Risks at this level are risks that are beyond the control of the state but with a significant impact. For example, risks such as war, Sino-US technology/trade war and regional economic alliances are managed at the board level.
Level 2 risks:
Risks at this level are long-term risks, i.e., no exposure now, but there will be risks in the future. For example, in response to issues such as climate change and carbon neutrality, the CEO will establish a dedicated unit or response team based on the Company's long-term development needs to handle such risks.
Level 3 risks:
Risks at this level belong to the Company's management and execution risks. The risks that can be prevented in advance can be responded to by the organization's division of labor.
Article 3: (Risk management organization)
The Company's risk management organization is as follows:
- Board of Directors: the Board of Directors is the highest risk management unit of the Company. It ensures that the management understands the locations of operational risks and the effectiveness of risk management. When there is a risk of Level 1 risk, the Board members are allowed to propose measures for the risk of that level.
- CEO office: for Level 2 and Level 3 risks, the CEO is responsible for coordinating the detection and response of all business units and administrative departments to ensure that the Company's operations are not affected by various types of risks.
- All departments and all administrative departments of the business department: The head of each unit is responsible for the third-level and first-line risk management. He/She is responsible for analyzing and monitoring relevant risks within their subordinate units. If cross-departmental coordination is required, the authorization system will be followed by reporting to the higher levels.
- Auditing Office: an independent department under the board of directors. It explores potential risks through internal control and internal audit systems.
- Working group: the CEO shall set up an inter-department working group to deal with possible risk factors based on the needs of Level 2 and Level 3 risks.

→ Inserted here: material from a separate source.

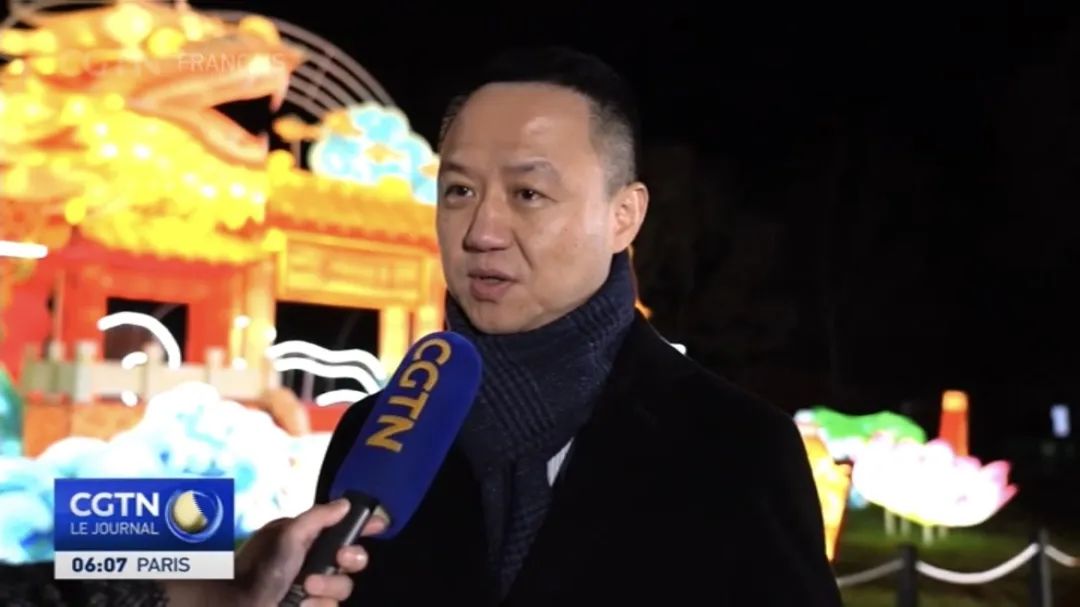 徐晓亮接受CGTN采访画面时表示,希望借法国豫园灯会促进国际社会对中国文化理解。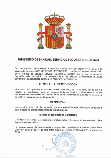 Después de visitar varios cardiólogos y hacer muchos exámenes y resonancias, encontré el Dr Godoy fue el único que encontró el origen del problema y el único que pidió ciertos exámenes que otros no me dieron . Ahora me siento muy bien gracias al doctor Godoy.

Article 4: (Risk management mechanism)
The Company's risk management mechanism is mainly conducted through various types of regular and non-scheduled meetings.
- Board of Directors: the board of directors will meet at least once a year, the CEO reports to the board of directors on the risks raised by each unit and the implementation and effectiveness of the relevant response plans.
- Management meeting: once a month, the general managers of each business unit may explain or discuss market risks in the meeting and develop or resolve relevant response plans.
- Administrative department meeting: once a week, the heads of all administrative management units may discuss potential risks inside or outside of their departments and develop or resolve relevant countermeasures.
- Regular or non-scheduled internal meetings of all units (including business divisions): if any risk factors are identified in the operating procedures by front-line personnel, they may report back to the unit head via this meeting. The unit head will make judgement on the severity of the matter and report back according to the level of authority.
- The Auditing Office complies with the regulations of internal audit and internal control and implements the operations of each unit to ensure compliance with the Company's internal management regulations and procedures.
Article 5: (Disclosure of risk management information)
In addition to disclosing relevant information as required by the competent authority, the Company may also disclose risk management-related information on the Company's website.
Article 6: (Amendment of Risk Management Policy)
The Board of Directors and the CEO may review the content of this Policy and the needs of risk management and amend this Policy in a timely manner in view of changes of the internal and external environment.
Article 7: (Approval and implementation of Risk Management Policies)
This Policy shall be implemented upon the approval of the Board of Directors, and the same applies to its amendments.